#### Work to be completed:
In the entries that follow, find the line containing "Run-n-Bike, магазин по" and the line containing "Flock of Birds", then copy exactly everything from the first through the second except the pictures.

#### Records shown:
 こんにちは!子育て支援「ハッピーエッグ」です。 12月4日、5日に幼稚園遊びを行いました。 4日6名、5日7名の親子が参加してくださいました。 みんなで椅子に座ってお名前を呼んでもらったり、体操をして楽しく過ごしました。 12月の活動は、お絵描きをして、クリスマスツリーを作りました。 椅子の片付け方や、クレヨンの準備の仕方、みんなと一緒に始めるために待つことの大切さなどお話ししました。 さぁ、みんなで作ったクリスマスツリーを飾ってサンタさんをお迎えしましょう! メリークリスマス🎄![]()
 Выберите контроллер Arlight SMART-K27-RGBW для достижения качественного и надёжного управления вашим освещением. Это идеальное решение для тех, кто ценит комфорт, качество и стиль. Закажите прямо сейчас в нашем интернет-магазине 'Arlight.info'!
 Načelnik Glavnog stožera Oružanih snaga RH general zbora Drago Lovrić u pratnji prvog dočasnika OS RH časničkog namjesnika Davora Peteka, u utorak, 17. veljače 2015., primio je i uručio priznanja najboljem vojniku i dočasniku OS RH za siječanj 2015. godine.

--

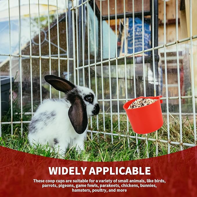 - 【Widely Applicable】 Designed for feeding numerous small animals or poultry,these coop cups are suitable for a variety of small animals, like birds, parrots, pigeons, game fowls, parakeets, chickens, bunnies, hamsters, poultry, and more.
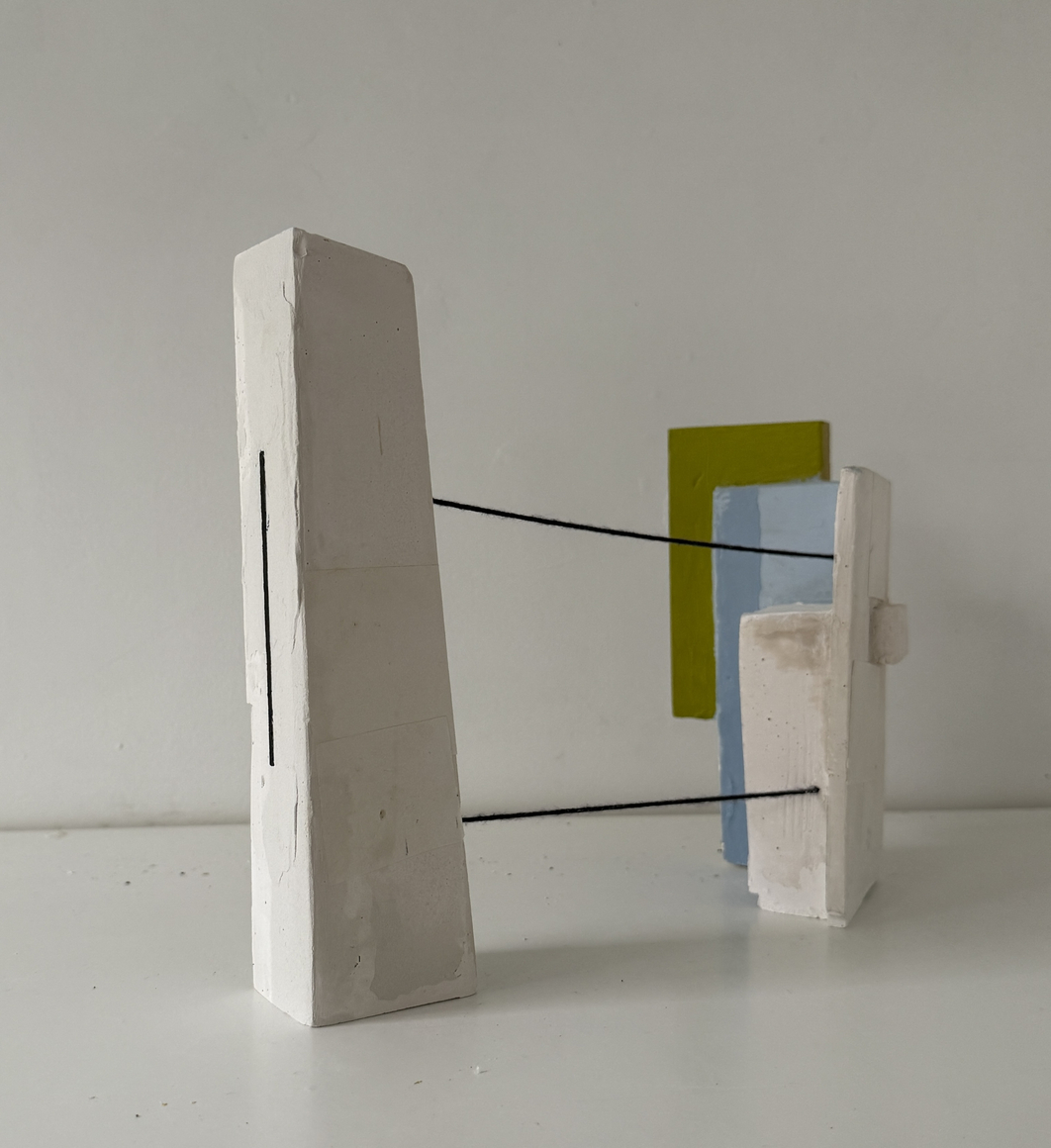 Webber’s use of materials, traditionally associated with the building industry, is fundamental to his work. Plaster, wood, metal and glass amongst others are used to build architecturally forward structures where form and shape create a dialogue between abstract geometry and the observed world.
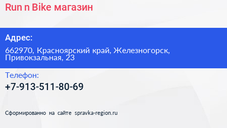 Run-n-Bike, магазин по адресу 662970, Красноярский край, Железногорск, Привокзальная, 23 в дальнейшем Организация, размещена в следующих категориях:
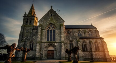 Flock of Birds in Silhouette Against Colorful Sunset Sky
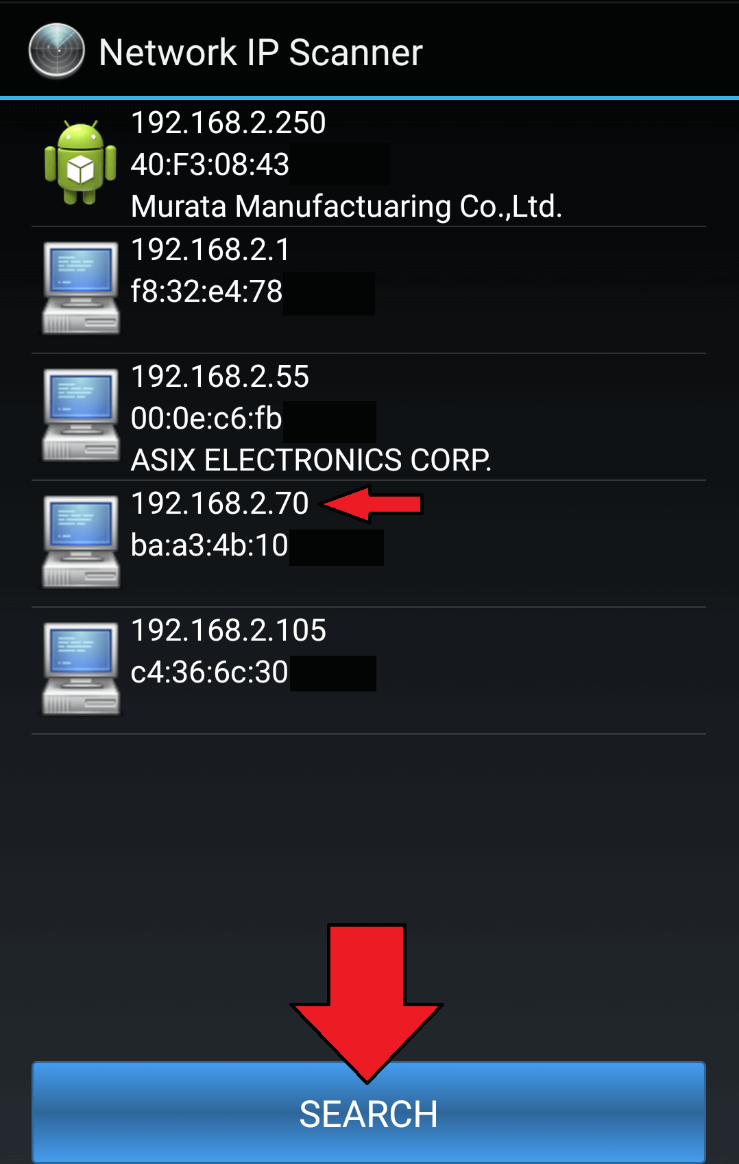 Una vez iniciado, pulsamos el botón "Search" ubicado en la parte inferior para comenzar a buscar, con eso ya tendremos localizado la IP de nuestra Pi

* * *

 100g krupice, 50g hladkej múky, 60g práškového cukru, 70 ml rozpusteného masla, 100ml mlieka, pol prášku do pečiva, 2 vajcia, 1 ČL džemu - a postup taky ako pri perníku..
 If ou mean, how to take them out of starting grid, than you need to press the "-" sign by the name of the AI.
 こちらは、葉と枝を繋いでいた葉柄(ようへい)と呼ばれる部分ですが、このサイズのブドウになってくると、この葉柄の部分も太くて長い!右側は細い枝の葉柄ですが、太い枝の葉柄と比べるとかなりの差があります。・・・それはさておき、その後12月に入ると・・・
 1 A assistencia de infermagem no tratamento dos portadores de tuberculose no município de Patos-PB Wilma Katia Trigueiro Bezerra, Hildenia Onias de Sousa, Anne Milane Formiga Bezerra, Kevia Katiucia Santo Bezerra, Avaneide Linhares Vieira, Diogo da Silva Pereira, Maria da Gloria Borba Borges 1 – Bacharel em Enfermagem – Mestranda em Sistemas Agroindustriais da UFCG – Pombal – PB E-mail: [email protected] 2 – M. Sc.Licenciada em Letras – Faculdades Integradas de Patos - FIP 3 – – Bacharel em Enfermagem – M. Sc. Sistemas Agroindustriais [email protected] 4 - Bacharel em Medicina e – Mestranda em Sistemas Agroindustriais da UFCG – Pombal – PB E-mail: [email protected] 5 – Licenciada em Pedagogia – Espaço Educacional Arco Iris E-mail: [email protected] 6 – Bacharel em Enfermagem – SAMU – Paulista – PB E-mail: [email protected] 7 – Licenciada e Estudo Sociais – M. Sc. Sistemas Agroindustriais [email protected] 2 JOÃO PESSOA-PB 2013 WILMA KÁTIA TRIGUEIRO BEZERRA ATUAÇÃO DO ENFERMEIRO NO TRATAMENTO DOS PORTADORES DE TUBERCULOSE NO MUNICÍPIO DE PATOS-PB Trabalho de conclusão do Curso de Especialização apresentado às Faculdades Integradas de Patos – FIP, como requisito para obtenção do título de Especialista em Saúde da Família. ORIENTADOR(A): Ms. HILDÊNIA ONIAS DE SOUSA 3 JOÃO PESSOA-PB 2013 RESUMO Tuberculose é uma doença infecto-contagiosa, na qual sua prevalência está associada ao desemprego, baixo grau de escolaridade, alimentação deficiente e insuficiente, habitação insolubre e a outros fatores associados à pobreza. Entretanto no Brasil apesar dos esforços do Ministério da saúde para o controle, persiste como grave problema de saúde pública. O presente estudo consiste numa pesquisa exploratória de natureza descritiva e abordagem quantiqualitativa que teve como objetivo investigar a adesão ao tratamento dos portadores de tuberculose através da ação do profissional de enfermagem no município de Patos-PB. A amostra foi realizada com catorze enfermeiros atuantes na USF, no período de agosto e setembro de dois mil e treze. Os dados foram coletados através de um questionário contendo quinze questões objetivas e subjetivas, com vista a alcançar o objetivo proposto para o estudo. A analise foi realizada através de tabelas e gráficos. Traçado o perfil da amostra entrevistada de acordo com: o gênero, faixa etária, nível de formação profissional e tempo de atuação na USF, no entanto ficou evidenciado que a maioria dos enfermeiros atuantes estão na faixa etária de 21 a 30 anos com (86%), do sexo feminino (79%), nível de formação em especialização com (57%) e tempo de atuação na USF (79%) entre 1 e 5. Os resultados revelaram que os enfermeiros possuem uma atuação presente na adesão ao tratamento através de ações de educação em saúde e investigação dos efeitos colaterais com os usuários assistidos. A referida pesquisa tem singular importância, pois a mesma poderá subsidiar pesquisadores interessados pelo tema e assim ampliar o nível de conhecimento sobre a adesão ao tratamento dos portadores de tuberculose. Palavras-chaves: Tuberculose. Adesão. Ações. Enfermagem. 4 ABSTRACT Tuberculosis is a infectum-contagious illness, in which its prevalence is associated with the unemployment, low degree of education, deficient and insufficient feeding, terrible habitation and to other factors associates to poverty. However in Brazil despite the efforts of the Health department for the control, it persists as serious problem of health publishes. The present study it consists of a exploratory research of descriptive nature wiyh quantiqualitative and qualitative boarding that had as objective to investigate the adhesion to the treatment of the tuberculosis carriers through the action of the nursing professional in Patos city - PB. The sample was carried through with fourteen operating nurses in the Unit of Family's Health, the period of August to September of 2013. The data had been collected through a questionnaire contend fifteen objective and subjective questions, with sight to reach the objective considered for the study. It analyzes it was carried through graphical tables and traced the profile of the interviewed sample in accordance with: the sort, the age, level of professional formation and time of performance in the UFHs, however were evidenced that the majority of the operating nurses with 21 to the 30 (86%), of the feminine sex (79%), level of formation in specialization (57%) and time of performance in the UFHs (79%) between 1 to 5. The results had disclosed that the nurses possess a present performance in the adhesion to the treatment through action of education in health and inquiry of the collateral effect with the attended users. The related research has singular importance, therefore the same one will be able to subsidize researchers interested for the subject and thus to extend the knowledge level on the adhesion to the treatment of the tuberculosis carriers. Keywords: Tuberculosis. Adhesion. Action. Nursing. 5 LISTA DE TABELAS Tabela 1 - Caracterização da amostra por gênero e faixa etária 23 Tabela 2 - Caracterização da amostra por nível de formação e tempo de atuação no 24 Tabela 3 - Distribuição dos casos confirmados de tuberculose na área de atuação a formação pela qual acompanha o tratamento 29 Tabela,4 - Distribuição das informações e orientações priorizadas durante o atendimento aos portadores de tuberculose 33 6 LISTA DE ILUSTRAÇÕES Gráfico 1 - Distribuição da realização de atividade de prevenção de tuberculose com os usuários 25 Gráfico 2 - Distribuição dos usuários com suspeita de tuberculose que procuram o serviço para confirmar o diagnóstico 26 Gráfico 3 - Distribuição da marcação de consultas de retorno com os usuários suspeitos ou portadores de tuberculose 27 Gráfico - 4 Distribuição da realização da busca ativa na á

#### Written reply:
 Run-n-Bike, магазин по адресу 662970, Красноярский край, Железногорск, Привокзальная, 23 в дальнейшем Организация, размещена в следующих категориях:
 Flock of Birds in Silhouette Against Colorful Sunset Sky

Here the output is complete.